The use of a severity rating system facilitates consistent handling of reports and prevents potential downplay of the importance of an event.4 However, a rating system works only if reporters are knowledgeable about the system and are able to apply it consistently. In practice, clinicians are often uncertain about how to use incident reporting systems.5 A study carried out to assess the reliability of the severity rating scale used by the National Reporting and Learning System in England and Wales for medication errors showed that there were marked differences in the severity ratings graded between different health professional groups, and at different times rated by the same individuals.6 Studies evaluating the SAC system have also found poor agreement between raters.7 ,8 Severity rating was highly subjective, and reporters were generally hesitant in ranking incidents with a high severity score.7 It was further found that the rating of severity was determined by criteria other than the stated policy, and resource limitations are a major influence.8 Clinicians may report an incident at a lower severity level so as to avoid the disruption of formal investigation for themselves and their colleagues. Conversely, clinicians may assign low-severity incidents a higher severity score, in an attempt to escalate the matter to management, rather than managing it at the local level.

Thus the assignment of severity rating to incident reports is highly variable. Current methods, which rely on retrospective manual review of incident reports, do not facilitate timely detection of safety problems. In one Australian state alone, 62 369 patient safety incidents were reported between January and June 2009.9 This is equivalent to 20 incidents per 1000 bed days, or 8.2% of admissions. Manual reviews are not only time consuming, they also suffer from a lack of consistency as to what constitutes a high-risk event, and there is no agreement on how to classify or prioritize harm.
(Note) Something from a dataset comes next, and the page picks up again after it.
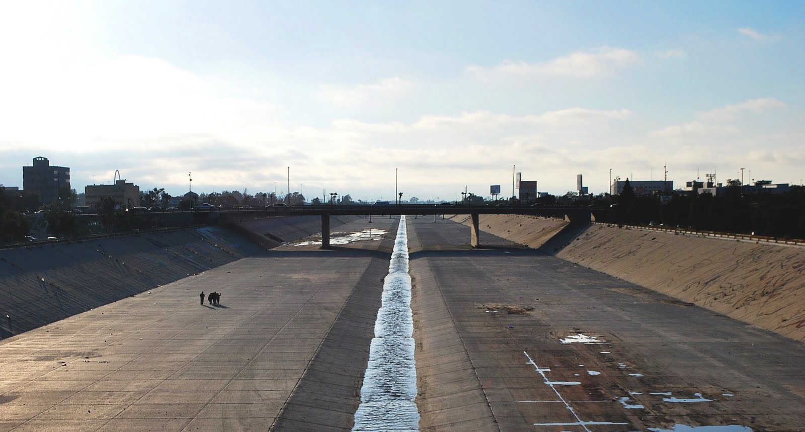 Today Tijuana has a new, transplanted urban center and a diametrically distinct peripheral New Tijuana to the east. The Zona Río (River Zone) is where the Tijuana River once flowed and the place where the first two important leisure infrastructures, the Racetrack and Casino were built, initiating an economic boom for Downtown. The river had always been a force to contend with; its natural force once destroyed the first racetrack and many bridges. It became an area where informal settlements, for the first time, developed into a radical social force. Since the 1940’s squatters along the river had defied the authorities, and government-enforced relocations never worked. Up to the 1970’s these settlements were known as Cartolandia (‘Carton-land’) for the material employed to build the small housing shacks. After a severe flood, Cartolandia lost the struggle for survival, and its inhabitants were relocated to make way to a new vision for the city. A new urban plan included tree-lined boulevards, a cultural center, and a large concrete channel that would prevent further flooding of the Tijuana River. The plan was drafted in Mexico City by renowned urban planner Pedro Moctezuma following a request from the federal government to Mexicanize Tijuana. “Tijuana is not Mexico” Raymond Chandler wrote in The Long Goodbye, and to the Mexico City authorities Tijuana lacked a sense of national identity and presented to foreign visitors a strong rupture with what was perceived as ‘Mexican.’ A wide boulevard was proposed, similar to the Paseo Reforma in Mexico City, with roundabouts and large-scale statues of national heroes intended to bring national pride to the border. The concrete channel bisected two of the original communities of the city; Downtown and Colonia Libertad, TJ’s first neighborhood. The channel erased the river and ruined any chance that the city could relate to its core natural amenity.

Text classification using machine learning has been used successfully to identify safety issues in aviation incident reports.1012 In healthcare, automated text classification has also been applied in detecting adverse events or disorders in clinical text,13 including automatic identification and classification of surgical margin status from pathology reports,14 automatic detection of disorders in chest radiograph reports,15 ,16 and detection of adverse events in discharge summaries.17 ,18 However, automated classification of the severity of adverse events in clinical incident reports remains relatively unexplored. A recent study examined the use of text classification to detect anaphylaxis incident reports.19 In our previous work, we investigated the feasibility of applying statistical text classification as an alternative to manual review of clinical incident reports. Classifiers based on Naïve Bayes algorithm and Support Vector Machine (SVM) were constructed to automatically identify groups of related incidents from reporting systems.20 These techniques performed well in identifying incident types such as patient misidentification and handover failure. In the present study, we turned our attention to the recognition of severity of harm across incident types, as this is the most common driver for institutional investigations. We hypothesize that the techniques used to predict incident types can also be applied to identification of incident severity. Specifically, our study objective was to determine if automated text classification can (1) perform equally well or better than a human classifier and (2) identify high-severity cases in reports that were either not initially classified or misclassified by the reporter. Our ultimate goal was to demonstrate that automated text classification is sufficiently robust to automatically monitor large volumes of incident reports.


The Advanced Incident Management System (AIMS)

The AIMS reporting system was set up by the Australian Patient Safety Foundation in the late 1980s as an initiative to reduce adverse events in anesthetic practice.21 Participating anesthetists were invited to report, on an anonymous and voluntary basis, any unintended incident that reduced or could have reduced the safety margin for a patient. Later the system was extended beyond anesthesia to other specialties.22 The system is increasingly being adopted by hospitals across Australia.

AIMS provides an in-built classification system consisting of 21 healthcare incident types (HITs) (online appendix A). An HIT is a descriptive term for a category made up of incidents of a common nature, grouped because of shared, agreed features.23 Each HIT contains further sub-categories. On submission, a reporter assigns an incident to one or more HITs, and their sub-categories. The ‘clinical management’ HIT describes incidents relating to the clinical management of patients. One of its sub-categories is ‘wrong patient’, which describes incidents where care was given to the incorrect patient. An AIMS report also contains a number of unstructured free-text fields, including incident description, outcome for the subject, initial action taken, prevention steps, and results of incidents (online appendix B).

Severity rating system in AIMS

AIMS uses the SAC system to rate the severity of incidents. The rating system comprises four numerical ratings, scaling from 1 (most severe) to 4 (least severe). SAC level 1 represents extreme-risk incidents. SAC levels 2, 3, and 4 are assigned to high-risk incidents, medium-risk incidents, and low-risk incidents, respectively. Rating is assigned by the reporter on incident submission, based on the severity of the event and its likelihood to recur. Once the severity and likelihood categories are determined, a SAC score can be assigned by consulting the SAC Matrix (online appendix C). Appropriate management of the incident will depend on the level of risk that the incident poses to patients and the healthcare organization (online appendix C).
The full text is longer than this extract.